ABSTRACT
BACKGROUND: Sickle cell disease (SCD) is characterized by chronic hemolytic anemia, vaso-occlusive crises, chronic inflammation, and activation of coagulation. The clinical complications such as painful crisis, stroke, pulmonary hypertension, nephropathy and venous thromboembolism lead to cumulative organ damage and premature death. High molecular weight kininogen (HK) is a central cofactor for the kallikrein-kinin and intrinsic coagulation pathways, which contributes to both coagulation and inflammation.
OBJECTIVE: We hypothesize that HK contributes to the hypercoagulable and pro-inflammatory state that causes end-organ damage and early mortality in sickle mice.
METHODS: We evaluated the role of HK in the Townes mouse model of SCD.

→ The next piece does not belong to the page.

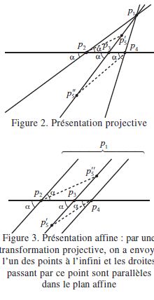 - On peut également utiliser les transformations du plan projectif : par exemple, envoyer l’un des points à l’infini, les droites qui passent par ce point deviendront des parallèles dans le plan affine.
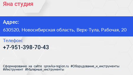 Яна, студия по адресу 630520, Новосибирская область, Верх-Тула, Рабочая, 20 в дальнейшем Организация, размещена в следующих категориях:

RESULTS/CONCLUSIONS: We found elevated plasma levels of cleaved HK in sickle patients compared to healthy controls, suggesting ongoing HK activation in SCD. We used bone marrow transplantation to generate wild type and sickle cell mice on a HK-deficient background. We found that short-term HK deficiency attenuated thrombin generation and inflammation in sickle mice at steady state, which was independent of bradykinin signaling. Moreover, long-term HK deficiency attenuates kidney injury, reduces chronic inflammation, and ultimately improves of sickle mice.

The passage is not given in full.